Los rendimientos negativos de otras actividades que no constituyen la fuente de las funciones directivas no pueden integrar el denominador del cálculo del porcentaje exigido para aplicar la exención de las participaciones en el IP

El cálculo del porcentaje del 50% debe realizarse exclusivamente con los rendimientos positivos efectivamente obtenidos por el contribuyente, puesto que la dicción literal del artículo 4.Ocho.Dos Ley 19/1991 (Ley IP) utiliza el término "rendimientos" en un contexto vinculado a "retribuciones percibidas", lo que refuerza que deben tomarse en consideración únicamente los rendimientos efectivamente generadores de ingreso, y no magnitudes económicas negativas que, lejos de constituir renta, expresan la carencia de ella.

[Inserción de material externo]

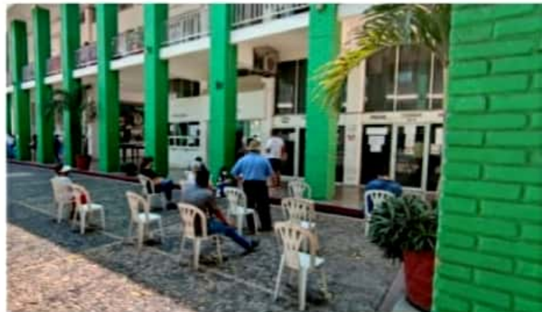
CD. LÁZARO CÁRDENAS, MICH.- El Departamento de Catastro invita a la ciudadanía a aprovechar el descuento del 5 por ciento en pronto pago de predial, cuya promoción concluye este sábado.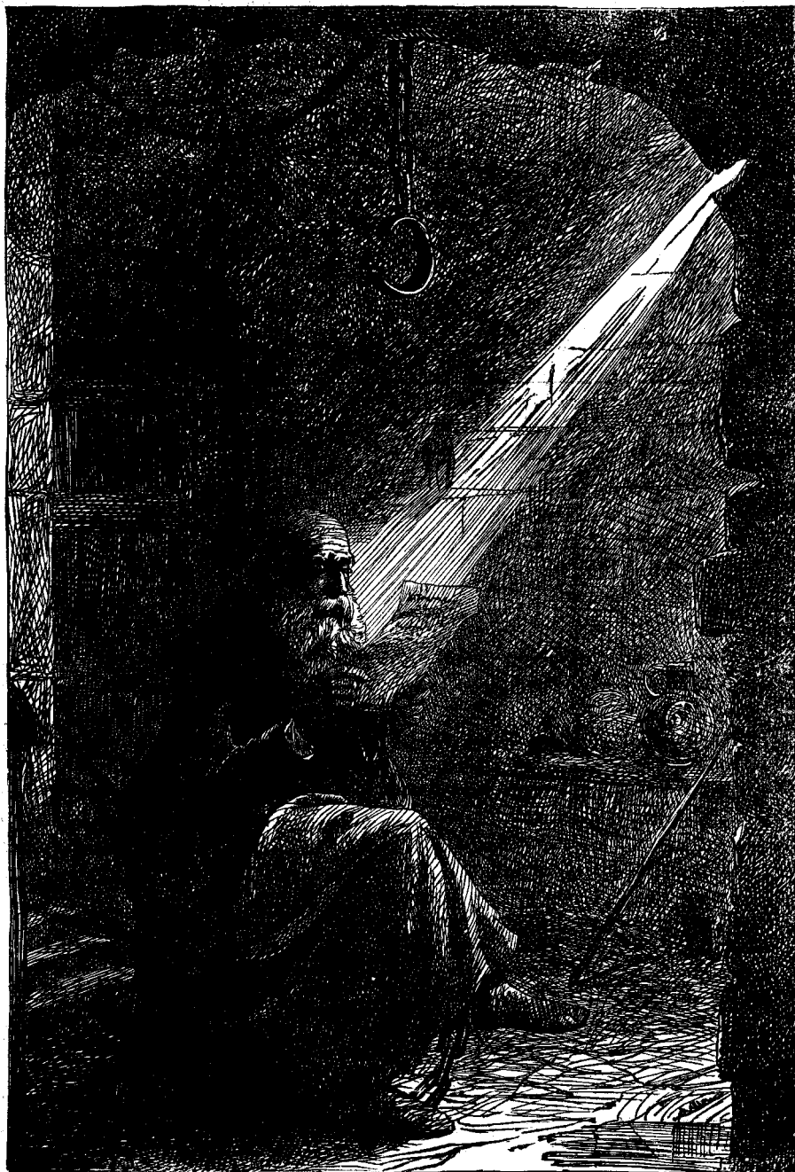
ՃՈՆ ՀՈՒՍ ՍՏՈՐԻԳՐԱՍ ԲԱՆՏԻՆ ՄԻՋ

Así lo recoge la sentencia del Tribunal Superior de Justicia de Cataluña, núm. 4794/2025, de 29 de diciembre de 2025, rec. núm. 1432/2023, que menciona otras anteriores relativas a la aplicación de la reducción catalana en el Impuesto sobre Sucesiones y Donaciones. En este caso, la Agencia Tributaria de Cataluña, como parte recurrente contra la resolución estimatoria del TEARC, sostiene que no concurren los requisitos exigidos para reconocer al contribuyente la exención en relación con las participaciones contemplada en el artículo 4.Ocho.Dos de la Ley 19/1991, de 6 de junio, del Impuesto sobre el Patrimonio (Ley IP), puesto que las retribuciones percibidas en concepto de funciones de dirección no superaron el 50% del total de sus rendimientos empresariales, profesionales y del trabajo. Los datos comprobados muestran que dichas retribuciones de los años regularizados únicamente representaron un 34% en 2014, un 33% en 2015 y un 35% en 2016, porcentajes muy inferiores al umbral legalmente requerido. La Inspección efectuó el cálculo excluyendo los rendimientos negativos de la actividad económica desarrollada por el contribuyente porque la Ley habla de rendimientos "netos" y "percibidos", y, por ello, no cabría considerar cifras en negativo que distorsionen la relación porcentual.

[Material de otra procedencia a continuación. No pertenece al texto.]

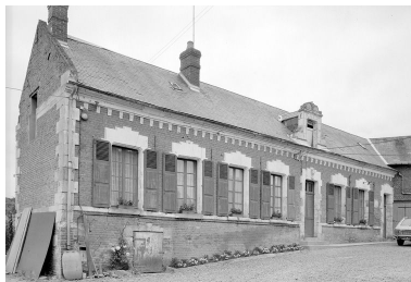
Logis. Elévation antérieure. IVR22_19856001004X

La Abogacía del Estado, en representación del TEARC, defiende que la resolución impugnada por la ATC se ajusta plenamente a Derecho, porque conforme a la doctrina administrativa y jurisprudencial, el porcentaje del 50% debe calcularse sobre la suma algebraica de rendimientos netos, incluyendo los negativos. Así, la inclusión de rendimientos negativos en el denominador es obligada, ya que refleja la verdadera capacidad económica del contribuyente y garantiza la coherencia con la normativa del IRPF.

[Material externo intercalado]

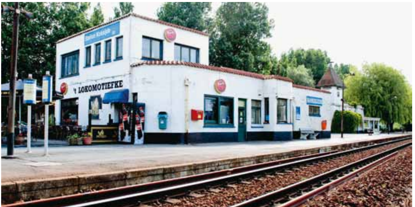
Het station Koksijde wordt vanaf 1 maart afgebroken en volledig nieuw gebouwd. Over tien maanden zal er een nieuw staan!

Tegelijk met de afbraak start aannemer Vandembroucke uit Wulpen de heraanleg van het perron en de nieuwe omgeving. Er komt een plein waar alle vervoersmodi op aansluiten. Het plein wordt een knooppunt, één groot perron, waar overstappen van bus, trein, auto, taxi... vlot en naadloos moet kunnen verlopen. Uiteraard wordt ook de parking volledig vernieuwd. Op vraag van stad Veurne blijft het deel parking achter het huidig stationsgebouw voorlopig behouden. De raming van de omgevingswerken bedraagt ca. 1,3 miljoen euro. Daarvan wordt een deel betaald door Infrabel, nl. een strook van 4 m vanaf de sporen. In het kader van Interreg IV NWE Sinntropher is een subsidie van iets meer dan 275.000 euro voorzien. Ontwerpers voor het station zijn de architecten Geldhof-Decoene, voor de omgeving Studiebureau Plantec.

Por tanto, el debate se ciñe en la determinar si procede computar los rendimientos negativos derivados de la actividad empresarial autónoma del contribuyente a efectos de verificar el requisito establecido en la letra c) de dicho precepto, que exige que el sujeto pasivo ejerza efectivamente funciones de dirección y perciba por ello una remuneración que represente más del 50% de la totalidad de los rendimientos empresariales, profesionales y del trabajo personal, con la expresa exclusión de los rendimientos de la actividad económica correspondiente a la propia entidad en que ejerce las funciones directivas.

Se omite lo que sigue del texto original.